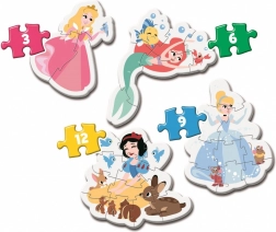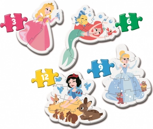Z tym zestawem Moje pierwsze puzzle dzieci będą się świetnie bawić, układając obrazki z ukochanymi bohaterkami bajek DISNEY. Cztery różne poziomy trudności (3, 6, 9 i 12 elementów) umożliwiają naturalny postęp i wzmacniają pewność siebie przy każdym ukończonym obrazku. Dzięki ekstra dużym i grubym elementom (3 mm) puzzle łatwo trzymać nawet najmniejszym rączkom.
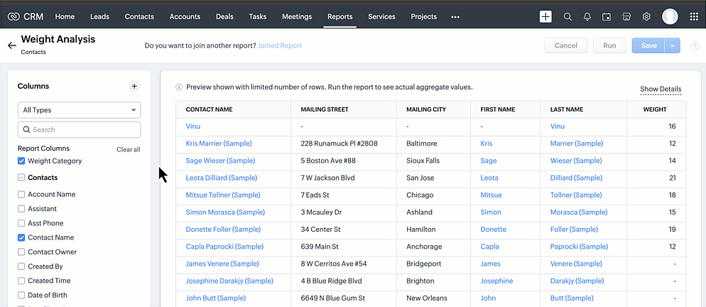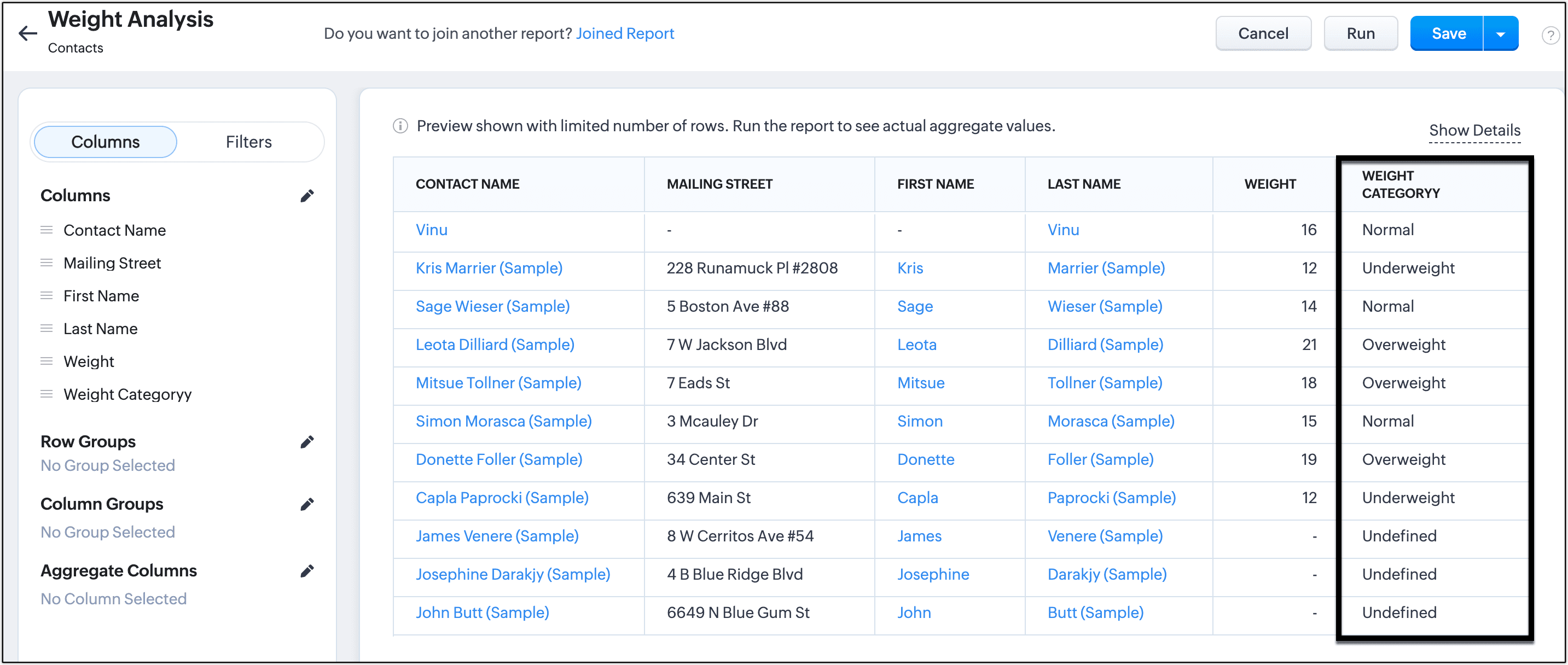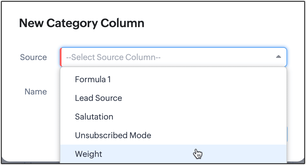 - Selezionare la sorgente della nuova colonna di categoria da uno dei campi numerici disponibili. I campi numerici supportati sono numero, intero lungo, valuta, percentuale, decimale, formula e roll up summary. La colonna sorgente è 'Weight' in questo esempio.
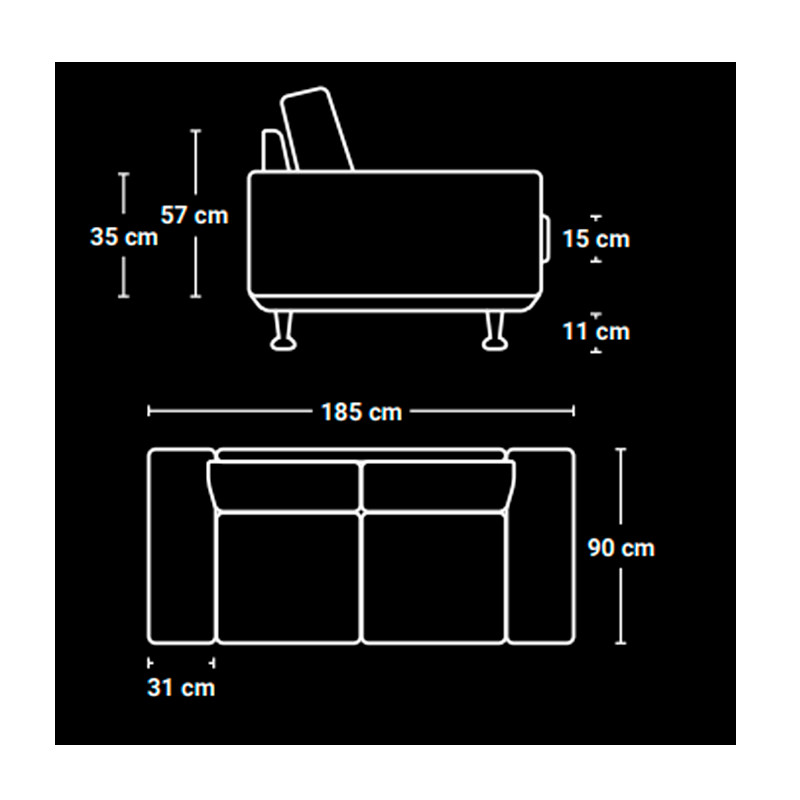 Sofá cama con marinera incluída, con dos almohadones de respaldo con placa hiper soft y un almohadón de asiento en placa soft, ambos de marca Piero. Con diseño de apoyabrazo extra fino de un sólo lado. Colchón cama auxiliar medidas, 1.90 x 0.80 x 0.14 m.
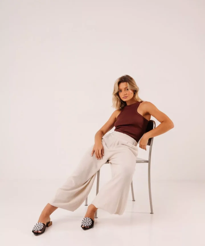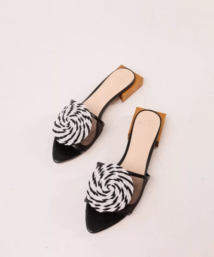 Inspirada na fluidez das formas orgânicas e na elegância natural, o Tamanco em Couro e Tela Ciréna traduz movimento e leveza em um design escultural.

▶ [EXERCISE BRIEF]:
Repeat the listing verbatim. Skip the pictures.

▶ [ANSWER BOX]:
Z tym zestawem Moje pierwsze puzzle dzieci będą się świetnie bawić, układając obrazki z ukochanymi bohaterkami bajek DISNEY. Cztery różne poziomy trudności (3, 6, 9 i 12 elementów) umożliwiają naturalny postęp i wzmacniają pewność siebie przy każdym ukończonym obrazku. Dzięki ekstra dużym i grubym elementom (3 mm) puzzle łatwo trzymać nawet najmniejszym rączkom.
 - Selezionare la sorgente della nuova colonna di categoria da uno dei campi numerici disponibili. I campi numerici supportati sono numero, intero lungo, valuta, percentuale, decimale, formula e roll up summary. La colonna sorgente è 'Weight' in questo esempio.
 Sofá cama con marinera incluída, con dos almohadones de respaldo con placa hiper soft y un almohadón de asiento en placa soft, ambos de marca Piero. Con diseño de apoyabrazo extra fino de un sólo lado. Colchón cama auxiliar medidas, 1.90 x 0.80 x 0.14 m.
 Inspirada na fluidez das formas orgânicas e na elegância natural, o Tamanco em Couro e Tela Ciréna traduz movimento e leveza em um design escultural.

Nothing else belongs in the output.